Rule 6 — MCP-Aware Tool Usage

  • Resolve IDs before acting: never assume resource IDs (user, repo, issue, PR). Always resolve via lookup first.
  • Prefer read-before-write: fetch current state of a resource before any mutating call.
  • Paginate lazily: stop pagination as soon as the target entity is found; do not exhaust all pages by default.
  • Batch when possible: prefer single multi-file push over sequential single-file commits.
  • Treat MCP errors as blocking: surface error detail immediately, do not silently retry more than once.
  • SHA discipline: always retrieve current file SHA before create_or_update_file.
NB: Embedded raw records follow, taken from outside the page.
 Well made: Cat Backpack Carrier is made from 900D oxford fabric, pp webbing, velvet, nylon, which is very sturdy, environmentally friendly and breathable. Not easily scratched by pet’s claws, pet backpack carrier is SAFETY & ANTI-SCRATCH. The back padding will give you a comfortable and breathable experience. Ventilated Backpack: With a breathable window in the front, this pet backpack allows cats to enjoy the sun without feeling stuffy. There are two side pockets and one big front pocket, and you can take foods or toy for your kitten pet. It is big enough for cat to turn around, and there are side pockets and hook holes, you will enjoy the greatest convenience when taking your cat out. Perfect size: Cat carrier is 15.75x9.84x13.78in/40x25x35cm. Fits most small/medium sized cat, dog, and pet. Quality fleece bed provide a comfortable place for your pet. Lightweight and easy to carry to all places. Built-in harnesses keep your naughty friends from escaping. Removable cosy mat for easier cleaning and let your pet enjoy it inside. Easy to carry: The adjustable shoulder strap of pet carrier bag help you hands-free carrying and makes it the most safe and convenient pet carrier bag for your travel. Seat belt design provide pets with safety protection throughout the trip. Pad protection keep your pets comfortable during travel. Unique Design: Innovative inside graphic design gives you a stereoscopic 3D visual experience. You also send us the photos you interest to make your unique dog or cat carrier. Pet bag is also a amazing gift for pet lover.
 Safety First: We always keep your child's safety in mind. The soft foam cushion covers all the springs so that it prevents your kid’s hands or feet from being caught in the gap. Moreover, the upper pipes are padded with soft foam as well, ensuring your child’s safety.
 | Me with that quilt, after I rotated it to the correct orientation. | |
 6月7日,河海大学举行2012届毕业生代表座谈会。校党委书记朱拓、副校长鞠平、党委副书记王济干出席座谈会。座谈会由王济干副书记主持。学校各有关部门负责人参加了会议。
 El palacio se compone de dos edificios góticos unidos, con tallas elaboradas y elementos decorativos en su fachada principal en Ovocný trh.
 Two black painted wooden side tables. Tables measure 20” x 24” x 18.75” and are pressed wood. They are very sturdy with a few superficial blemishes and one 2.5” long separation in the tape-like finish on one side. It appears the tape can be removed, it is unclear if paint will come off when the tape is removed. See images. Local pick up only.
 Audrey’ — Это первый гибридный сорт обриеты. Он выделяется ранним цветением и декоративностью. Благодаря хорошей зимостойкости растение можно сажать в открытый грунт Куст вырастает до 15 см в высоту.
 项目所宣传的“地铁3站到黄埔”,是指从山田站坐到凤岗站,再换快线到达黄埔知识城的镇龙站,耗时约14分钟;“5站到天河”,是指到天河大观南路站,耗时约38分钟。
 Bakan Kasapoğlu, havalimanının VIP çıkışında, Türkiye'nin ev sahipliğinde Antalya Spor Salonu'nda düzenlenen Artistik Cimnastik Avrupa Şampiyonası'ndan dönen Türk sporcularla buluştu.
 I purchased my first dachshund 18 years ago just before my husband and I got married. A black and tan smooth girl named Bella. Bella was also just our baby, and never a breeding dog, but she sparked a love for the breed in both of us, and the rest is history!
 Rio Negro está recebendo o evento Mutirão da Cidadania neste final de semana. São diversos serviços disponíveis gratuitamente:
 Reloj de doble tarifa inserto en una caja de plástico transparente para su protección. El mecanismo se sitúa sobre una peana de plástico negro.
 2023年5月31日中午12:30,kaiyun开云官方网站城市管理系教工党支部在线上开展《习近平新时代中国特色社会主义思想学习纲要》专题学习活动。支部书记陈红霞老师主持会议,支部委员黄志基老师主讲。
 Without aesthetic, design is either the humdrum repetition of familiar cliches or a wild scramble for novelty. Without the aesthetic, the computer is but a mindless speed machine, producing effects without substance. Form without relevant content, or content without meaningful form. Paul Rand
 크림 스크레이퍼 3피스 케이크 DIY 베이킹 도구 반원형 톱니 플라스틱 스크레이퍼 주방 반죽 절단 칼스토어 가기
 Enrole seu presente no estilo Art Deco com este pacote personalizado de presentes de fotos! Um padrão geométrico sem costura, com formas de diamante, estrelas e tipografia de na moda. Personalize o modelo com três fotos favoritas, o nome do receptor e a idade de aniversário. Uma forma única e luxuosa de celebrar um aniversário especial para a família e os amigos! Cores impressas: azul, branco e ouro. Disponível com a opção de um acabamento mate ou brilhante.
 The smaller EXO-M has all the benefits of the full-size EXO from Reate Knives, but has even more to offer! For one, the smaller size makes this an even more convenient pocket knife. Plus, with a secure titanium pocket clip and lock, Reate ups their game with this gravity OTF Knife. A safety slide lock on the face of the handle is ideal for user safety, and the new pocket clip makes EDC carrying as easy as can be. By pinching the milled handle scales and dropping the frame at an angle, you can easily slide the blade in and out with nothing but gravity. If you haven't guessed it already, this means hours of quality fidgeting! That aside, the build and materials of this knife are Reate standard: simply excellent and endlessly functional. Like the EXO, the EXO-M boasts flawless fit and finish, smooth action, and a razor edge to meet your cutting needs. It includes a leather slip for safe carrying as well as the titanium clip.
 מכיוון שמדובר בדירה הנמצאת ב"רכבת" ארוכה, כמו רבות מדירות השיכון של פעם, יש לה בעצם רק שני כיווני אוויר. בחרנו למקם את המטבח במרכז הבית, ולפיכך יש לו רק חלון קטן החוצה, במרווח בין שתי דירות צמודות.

Never hardcode or cache SHAs across sessions.

Negative Constraints

  • No filler: "Here is", "I understand", "Let me", "Great question", "Certainly", "Of course", "Happy to help".
  • No blind truncation of stacktraces or error logs.
  • No full-file reads when targeted grep/view_range suffices.
  • No re-reading files already in context.
  • No multi-question clarification dumps.
  • No silent bundling of unrelated changes.
  • No full git diff ingestion on large changesets — extract hunks only.
  • No git log beyond 20 entries unless a specific range is requested.
  • No full MCP object inspection when field-level access suffices.
  • No MCP mutations without prior read of current resource state.
  • No SHA reuse across sessions for file updates.

Limitations

  • Ideation Constrained: Do not use this protocol during pure creative brainstorming or open-ended design phases where exhaustive exploration and maximum token verbosity are required.
  • Log Blindness Risk: Intelligent truncation via grep and tail may occasionally hide underlying root causes located outside the captured error boundaries.
  • Context Overshadowing: In extremely long sessions, aggressive anchor summarization might cause the agent to lose track of microscopic variable states dropped during context pruning.
  • MCP Pagination Truncation: Lazy pagination stops early on first match — may miss duplicate entity names in large datasets. Override by specifying paginate:full explicitly in the request.